I’m back! I was absent from this blog for a good month because I was finishing my thesis ( my novel) for my MFA in creative writing.

It felt damn near impossible to spend any amount of time writing anything but my novel, or any of the associated bits and bobs that go along with it, so I haven’t been on this blog at all, but I have been thinking of it. In the last month, I came up with a million ideas for posts while driving to work, riding in the car to and from holidays at my parents’ house, walking the dog, taking showers and folding laundry. I didn’t write many of these ideas down. Most of them slipped from my mind as soon as I came home, determined to jot them down in the various notebooks that clutter every surface in our house.  I do know that the posts ranged in theme from dreams to politics to an angry, Twitter-inspired rant about grammar. (I actually half wrote that last one, but it got canned after I made a glaring grammatical error on Facebook and was called out by a former editor.)

My blog is not the only thing that I’ve neglected in the last month, as I struggled to finish scenes, make character’s motivations more believable and put chapters in order. My house was filthy. My garden, which is a major source of food for us in the summer, was nearly overtaken by a violent weed uprising, and there were many seedling casualties. My students got about half as many emails from me as they usually do, (although they probably still thought that was too much.) Our pile of laundry toppled out of the closet and began to crawl across the bedroom floor, like a soldier involved in guerrilla warfare. My dog was allowed to forget basic commands like sit, heel and don’t eat that manuscript.  My friends called me and emailed me, but alas, only 20 percent of the calls and emails have been returned.
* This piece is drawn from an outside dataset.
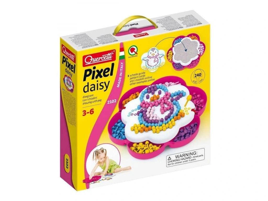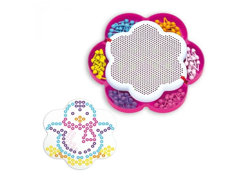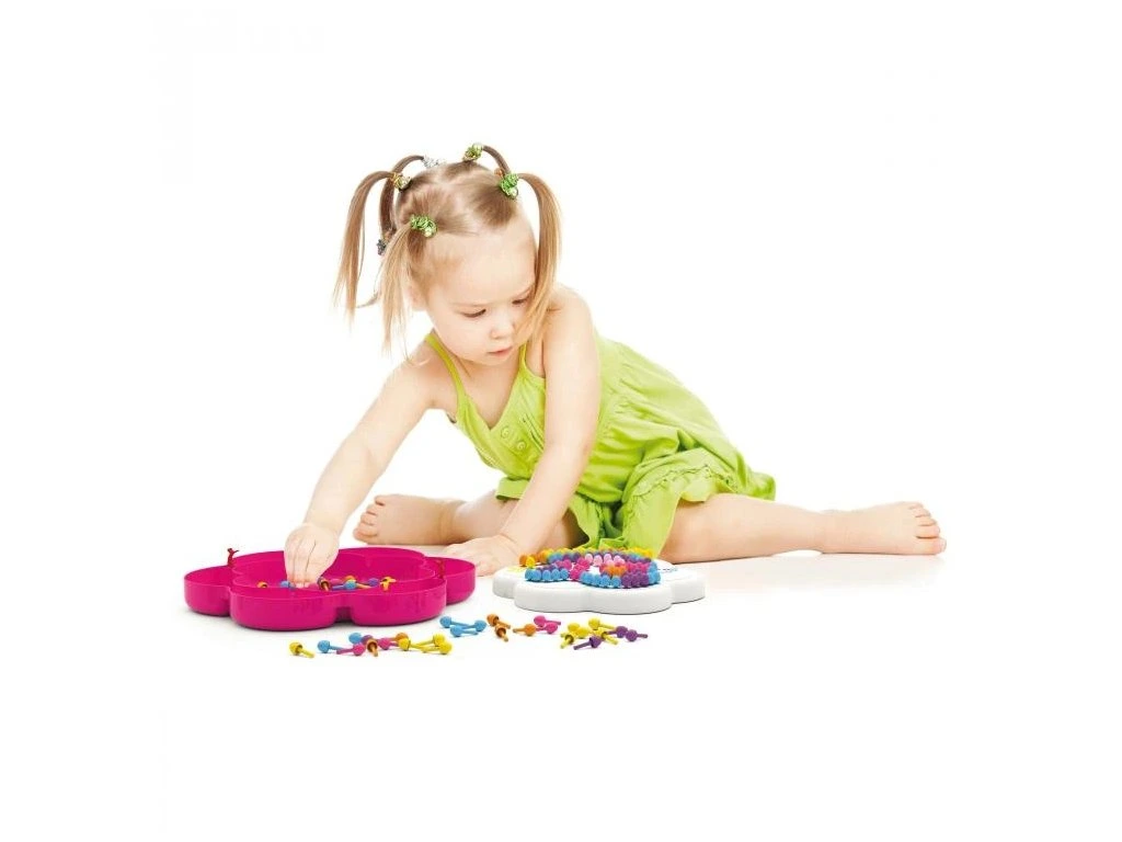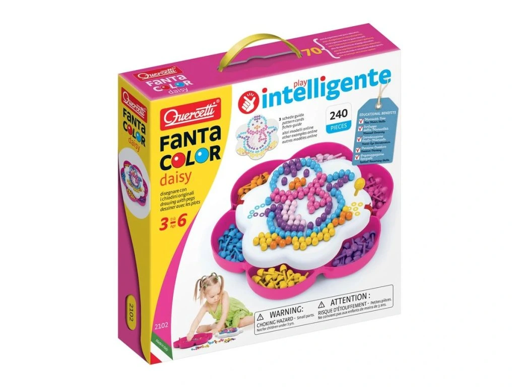 Mozaika FantaColor Daisy je kreativní hračka, která umožňuje dětem vytvářet mnohobarevné obrázky pomocí kolíčků. Velká hrací deska ve tvaru sedmikrásky a praktická schránka s přihrádkami na kolíčky zajišťují přehlednost a jednoduché uskladnění. Díky přihrádkám si děti mohou roztřídit kolíčky podle barev, aby měly vždy po ruce ten správný.Součástí balení jsou tři předlohy, které poskytují inspiraci na skládání obrázků, a několik dalších předloh je dostupných zdarma ke stažení. Tato mozaika nabízí dlouhé hodiny zábavy, uvolňuje mysl, zlepšuje koncentraci a stimuluje vnímání barev u dětí.

Professors told me it would be like this. I read quotes about the insanity of non-stop fiction writing. I heard firsthand from other students in my MFA program that the last push of putting together a thesis is just like going crazy.

They were right, and I’m finally able to stop raving, wipe the froth from my mouth, take a break and write a blog post or two.

I really did question my sanity this month. Not because of the novel writing process itself, per se, but because all I’ve wanted to do with my life, ever since I was a toddler, was write a novel. And it turns out that writing a novel, in its most intense form, is hell. What kind of little kid was I to have aspirations like this? Why did it take me so long to realize that my dream was so dumb? Is it too late to decide that I want to be something else?

Truth is, intense novel writing isn’t healthy. It’s like drinking red wine. In small doses, it can be good for you. My life has been dramatically improved by the Graham Greene method of writing 500 words a day. Five hundred words a day is  a nice round number. It’s healthy. It’s reasonable. You can write 500 words a day and live a normal, productive life.

But if you get a steady diet of novel-writing, if you do nothing but work on a novel for days on end, hoo boy, no one wants to be around you. That’s less like a glass of wine a day and more like wandering around with Thunderbird in a paper bag.  You never change out of your pajamas. You start walking around in a daze, not really interacting with the people who are actually in front of you, but always preoccupied with what some imaginary people are supposed to be doing. Then you get mad at the imaginary people for not doing the things that they are supposed to be doing. You stare at a blank screen and despair. You write a page and are elated. You realize the page of writing is terrible and it’s back down into the pit of despair again. You don’t so much sleep as pass out.

I’m glad that’s over. Or at least that it’s over for now, because I’m not actually done with my novel. My  thesis was done and sent out to my mentor and reader early this week, but the novel is still not quite finished. Which means that I’m sure I’ll disappear to work on it again. For now, I’m enjoying the real world, which is a crazy place, but not as insane as the world inside my head.